Interpretive Summary: An overview is presented of the current state of the art for remote sensing technology utilizing spectral imaging for field crop monitoring. First addressed are fundamental principles of the remote sensing and spectral imaging. Next, multiple approaches for acquiring spectral field data are reviewed, including ground-, air-, and space-based platforms and the imaging techniques used; and then various methods of spectral data processing and analysis are examined. Important field crop monitoring applications of spectral imaging are presented, as well as the combination of spectral imaging with LiDAR which, as one of many possible implementations of multi-sensor data fusion, combines complementary remote sensing techniques to achieve significant improvements in accuracy over that which is possible from any single technique alone.
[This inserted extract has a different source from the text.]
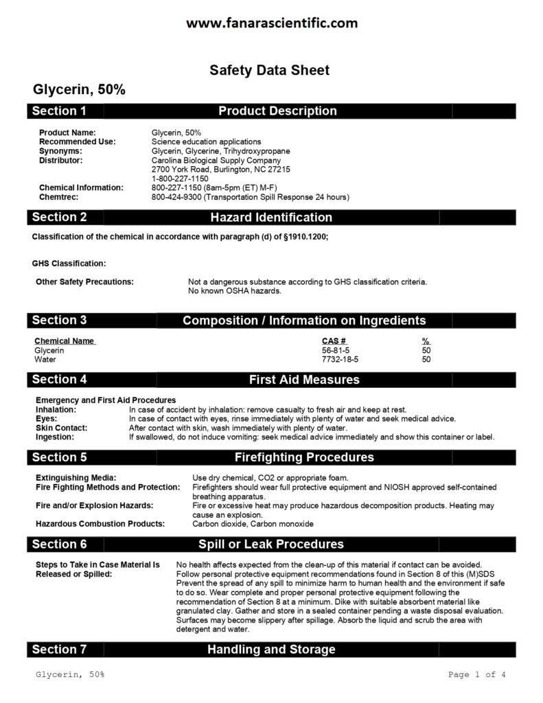 MSDS- Glycerin 50%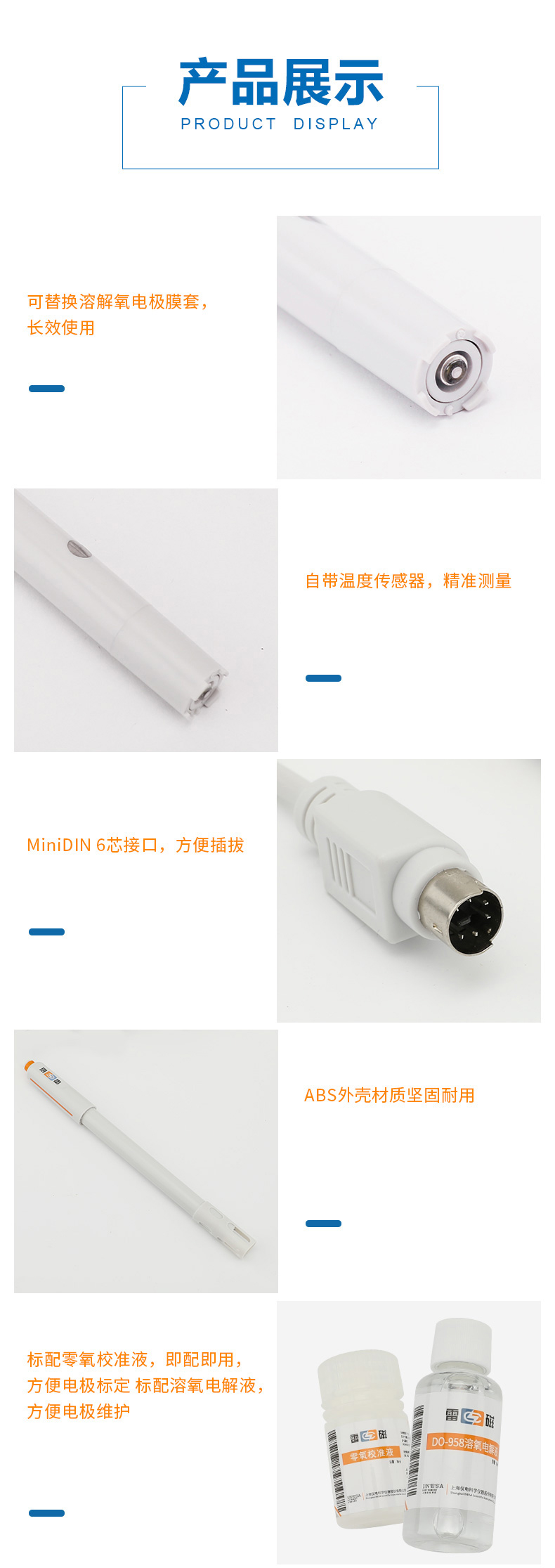 雷磁(leici)溶解氧電極DO-958-L 實(shí)驗(yàn)室電極傳感器探頭ABS外殼材質(zhì)電極

This review presents a wealth of information useful to agricultural researchers and industrial users of remote sensing for understanding and using current spectral imaging technologies to the greatest possible advantage in essential field crop monitoring applications to help optimize agronomic inputs (such as fertilizer, pesticides, seed, and water) to improve productivity and reduce adverse effects of climate change based on timely in-field data for making decisions and taking effective actions during crop production.

Technical Abstract: Key elements underpinning food security require the adaptation of agricultural systems to support productivity increases while minimizing inputs and the adverse effects of climate change. Advances in precision agriculture over the past few years have significantly enhanced the efficiency of applying spatially variable agronomic inputs, such as fertilizers, pesticides, seeds, and water for irrigation. These advancements have been attributed to increasing innovations that utilize new technologies capable of monitoring field crops for varying spatial and temporal changes. Remote sensing technology has been earmarked as the primary driver of success in precision agriculture, along with other technologies such as the Internet of Things (IoT), robotic systems, weather forecast, and global positioning system (GPS) technology. More specifically, multi-spectral imaging (MSI) and hyperspectral imaging (HSI) have made possible the monitoring of field crop health to aid decision-making, as well as the application of spatially and temporally variable agro-inputs. Furthermore, the fusion of remotely sensed multi-source data—for instance, HSI and light detection and ranging (LiDAR) data fusion—has even made it possible to monitor changes in different parts of an individual plant. In this regard, we review the state of the art of research papers concerning remote sensing technology for field crop monitoring using spectral imaging. An overview of the fundamental principles underlying spectral imaging for remote sensing applications is presented. Following the survey, we provide a chronological discussion of data acquisition, processing, analysis, and applications. Finally, we highlight recent advances made in enhancing crop monitoring through the fusion of HSI and LiDAR data.